Figure 11 shows what happened in the house the night before the alarm. The sensor monitor panel shows that the bed sensor pressure line (sensor s-530341) was activated at 23:27:05 and this sensor kept this value all night. On the other hand, the motion sensor in the bedroom (sensor s-118710) started detecting motion at 23:26:31 and kept detecting it until 23:38:43. The location graph indicates the “Bedroom0” location at 23:27:30, which did not change during all night. The occupant's state graph shows that Necesity inferred the “Sleep” state at 23:45:25. Nonetheless, this state graph shows a great number of activity periods throughout the night (see the number of transitions between the “Active” and “Sleep” states in the “States” graph of Figure 11 and the changes in the bedroom motion sensor during the night). From this information, the carer could check that the occupant did not sleep properly since an unusual activity was detected during the night. According to this graph, the carer could validate the report of the AMT which suggested that the alert was a false alarm.

5. Related Work

The use of sensor networks has undoubtedly fostered the development of AAL systems. A representative proposal of sensor network applied to AAL can be found in [14]. This proposal uses different types of sensors (acoustic, motion, RFID) capable of motion detection that includes fall warning, identification of persons and a configurable control system which allows its use in different scenarios. The system includes a management and control module that, through the use of action policies defined with fuzzy logic, is responsible for merging the information from all existing modules and making suitable decisions. In the same line, Bamis et al. [15] propose a framework to support in-house monitoring of elders using a gateway and a set of cheap commercially available sensors (PIR, door sensors, motion sensors, etc.), in addition to more advanced camera-based human localization sensors. The information is sent to a central server hosting behavior recognition and daily routine extraction engines. In the work of Fuentes-Fernández et al. [16], sensors are considered as devices used by an upper layer of manager agents. In this way, a decoupling of the data management from the sensor network is achieved. Agents are able to communicate and negotiate services to achieve the required functionalities in the system.

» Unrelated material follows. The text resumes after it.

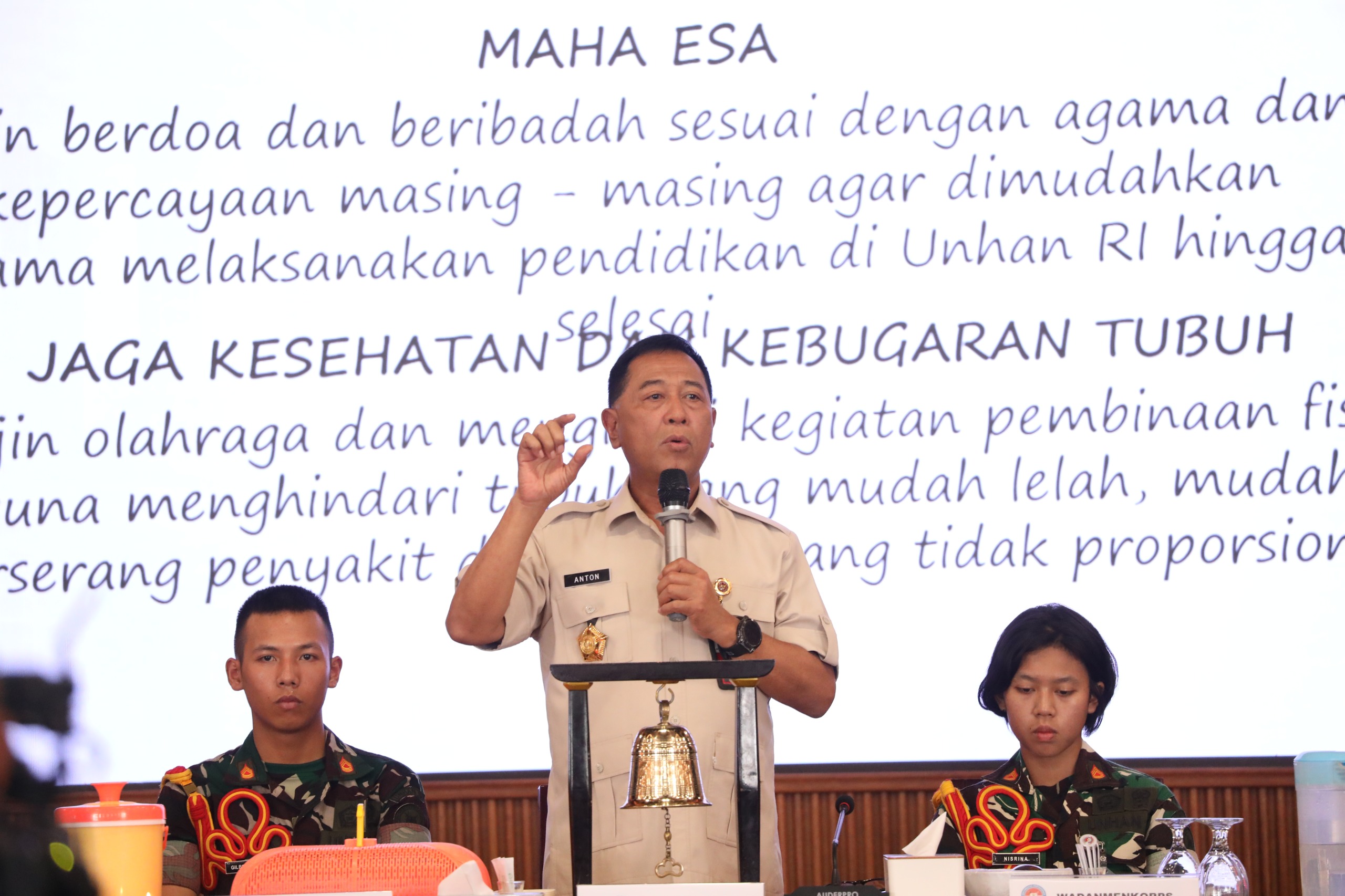 Rektor Unhan RI pada kegiatan pengarahan ini menegaskan bahwa kadet Unhan RI merupakan generasi penerus pertahanan negara yang disiapkan menjadi bagian dari Komponen Cadangan (Komcad) dan calon perwira TNI di masa depan. Pendidikan di Unhan RI diarahkan untuk membentuk insan pertahanan yang tangguh, disiplin, beriman, serta memiliki integritas dan tanggung jawab kebangsaan. Pembinaan karakter dilakukan secara terpadu melalui penguatan spiritual, penegakan disiplin, serta peningkatan kesiapan fisik dan intelektual sebagai bekal dalam pengabdian kepada negara.

The aforementioned proposals represent an advance in the use of sensor networks for the AAL field. However, since the current state of the art in artificial sensing is still incomplete—giving only a partial and unreliable picture of an environment due to technical faults or misplacing of sensors—such proposals have to cope with the problem of resolving ambiguous or confusing situations led by the information obtained from such sensors. For example, if the elderly being monitored does not react to a door bell ring, it may indicate she has a serious problem but it could also be simply because she is having a bath. On this basis, it is necessary to incorporate a more sophisticated intelligent system along with the sensor network to deal with these problems.

Following this line, our argumentative MAS provides an alternative approach to solve and explain conflicting situations in AAL systems. The information extracted from the arguments involved in a conflict and the adopted criteria to evaluate them can be used to generate explanatory reports. This approach is more qualitative in nature than other techniques proposed elsewhere [1721], such as Bayesian networks, Dempster–Shafer theory, Markov-based models, fuzzy logic, etc. These latter approaches are eminently numerical and require a specific knowledge on understanding the intrinsic algorithms utilized in them. On the contrary, argumentation theory is modeled on the dialectical process followed by humans when solving conflicting situations. Therefore, it should be easier for people less specialized on the aforementioned quantitative approaches to interpret the result obtained when solving conflicts through argumentation. The qualitative approach to solve conflict has also been explored by Lima et al. [22] through Group Decision Support Systems. In this work, authors associate agent perceptions with healthcare practice and e-Health systems. Agents generate ideas about the user's context and then the quality of the information is voted. A decision is made when an idea reaches a threshold of quality according to the votes. An argumentation process among agents is performed to discuss their ideas, although in a more informal manner than the argumentation presented in this paper.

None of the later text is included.